If you're currently in a Medicare Advantage plan and wondering whether the overpayment issue should prompt you to switch, the answer depends heavily on your health status, your providers, and your financial situation. For relatively healthy beneficiaries who rarely use specialist care and value the $0 premium, a Medicare Advantage plan may still make financial sense — even accounting for the systemic overpayment problem. But for beneficiaries managing multiple chronic conditions, those who travel frequently, or those who want unrestricted access to any Medicare-accepting provider nationwide, Original Medicare paired with a Medigap supplemental policy (also called Medicare Supplement Insurance) typically offers more predictable costs and broader access. In 2025, Medigap Plan G — the most comprehensive option for new enrollees — carries average monthly premiums ranging from roughly $100 to $300 depending on your age, gender, location, and the insurer, but it eliminates nearly all out-of-pocket costs after the Part B deductible of $257 in 2025.

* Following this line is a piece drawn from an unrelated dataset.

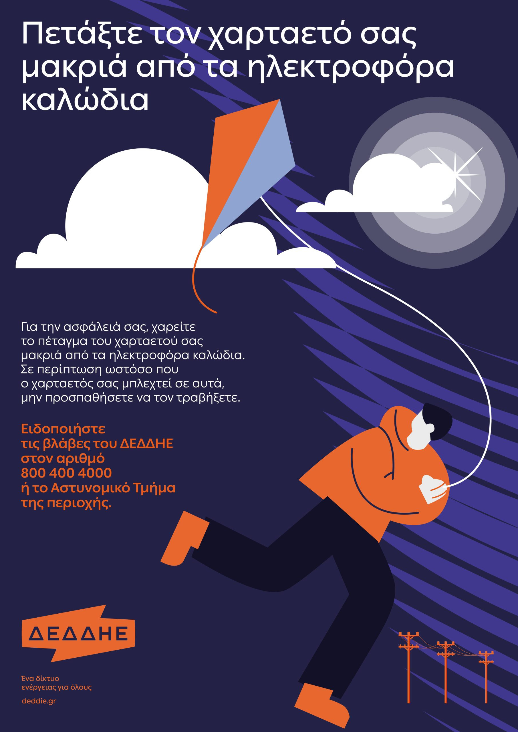 - μην προσπαθήσετε να αναρριχηθείτε σε στύλους διανομής ηλεκτρικού ρεύματος ή ηλεκτροφωτισμού, ούτε και σε σημεία που βρίσκονται κοντά σε ηλεκτροφόρα καλώδια. Σε κάθε περίπτωση που θα χρειαστείτε βοήθεια ειδοποιείστε τις βλάβες του ΔΕΔΔΗΕ, μέσω της τηλεφωνικής γραμμής 800 400 4000 (Τηλεφωνικό Κέντρο Εξυπηρέτησης & Βλαβών), μέσω της εφαρμογής κινητού MyDEDDIEApp ή μέσω της online δήλωσης βλάβης στην ιστοσελίδα www.deddie.gr. Εναλλακτικά επικοινωνήστε με το Αστυνομικό Τμήμα της περιοχής Για την ταχεία αποκατάσταση τυχόν βλαβών από το πέταγμα των χαρταετών, ο ΔΕΔΔΗΕ θα έχει αυξημένα συνεργεία σε όλες τις Υπηρεσίες του ανά την Επικράτεια.

Switching from Medicare Advantage back to Original Medicare is possible during the Medicare Advantage Open Enrollment Period (OEP), which runs January 1 through March 31 each year. During OEP, you can drop your Medicare Advantage plan and return to Original Medicare, and you can also add a standalone Part D prescription drug plan. However, returning to Original Medicare does not automatically guarantee you Medigap coverage — in most states, insurers can use medical underwriting to deny or price Medigap policies based on your health history if you're outside a guaranteed issue window. The exceptions are beneficiaries in states with birthday rule protections: California, Idaho, Illinois, Kentucky, Louisiana, Maine, Maryland, Missouri, Nevada, New Jersey, New York, Oklahoma, and Oregon all provide a 30-day window around your birthday each year to switch Medigap plans without medical underwriting.
The broader policy debate around Medicare Advantage overpayments is unlikely to be resolved quickly. The insurance industry argues that Medicare Advantage plans deliver better care coordination and lower hospitalization rates that justify their payment levels, and some research does support improved outcomes for certain populations. But independent analysts at KFF (formerly the Kaiser Family Foundation) and MedPAC have consistently found that the payment differential exceeds any documented efficiency gains. For now, the most practical step you can take is to use Medicare's Plan Finder tool at Medicare.gov to compare your current plan's star rating, out-of-pocket maximum, drug formulary, and network against alternatives in your ZIP code — and to call 1-800-MEDICARE (1-800-633-4227) if you want personalized guidance on whether switching plans or coverage types makes sense for your specific situation.